Why Everything is Good for You
“Personal Choice does not count for much these days.”
Saul Bellow
“The process of reading is not a half-sleep; but in the highest sense an exercise, a gymnastic struggle. . .”
Walt Whitman
Anything we read ( and I use that term in the broadest and I think most accurate meaning : decoding all of the signs we run into in whatever contexts we can mangage) and any time we read we are engaged in a mental activity that is very complex, from reading Pound’s Cantos to devining the auguries in sheep entrails. Therefore the more complicated the “reading” is, the better it is for us. (The purpose of that, to use Neitsche, is to continue to build the bridge toward the ubermensch, which of course is unreachable). Of course if we can make no meaning from the “text” then we are not reading, no more than children who bark at the page are reading, nor me when I am reading these research articles too late at night. Too much has been made of reading the right kinds of things (this from someone who is often accused of being a literary snob), or watching the right “intellectual” movies, yet ultimately I feel that the more we engage with “texts” the more our brains seek out more complex patterns to decode, because we can decode them because we read more. It is the changing and the changed working on each other. Here is a poem by Richard Wilbur:
The Beautiful Changes
One wading a Fall meadow finds on all sides
The Queen Anne’s Lace lying like lilies
On water; it glides
So from the walker, it turns
Dry grass to a lake, as the slightest shade of you
Valleys my mind in fabulous blue Lucernes.

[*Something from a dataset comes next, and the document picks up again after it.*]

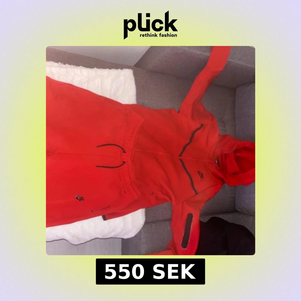 Säljer en röd hoodie från Nike med dragkedja och huva. Den har svarta detaljer och en ficka framtill. Perfekt för en sportig look eller avslappnade dagar.

The beautiful changes as a forest is changed
By a chameleon’s tuning his skin to it;
As a mantis, arranged
On a green leaf, grows
Into it, makes the leaf leafier, and proves
Any greenness is deeper than anyone knows.
Your hands hold roses always in a way that says
They are not only yours; the beautiful changes
In such kind ways,
Wishing ever to sunder
Things and things’ selves for a second finding, to lose
For a moment all that it touches back to wonder.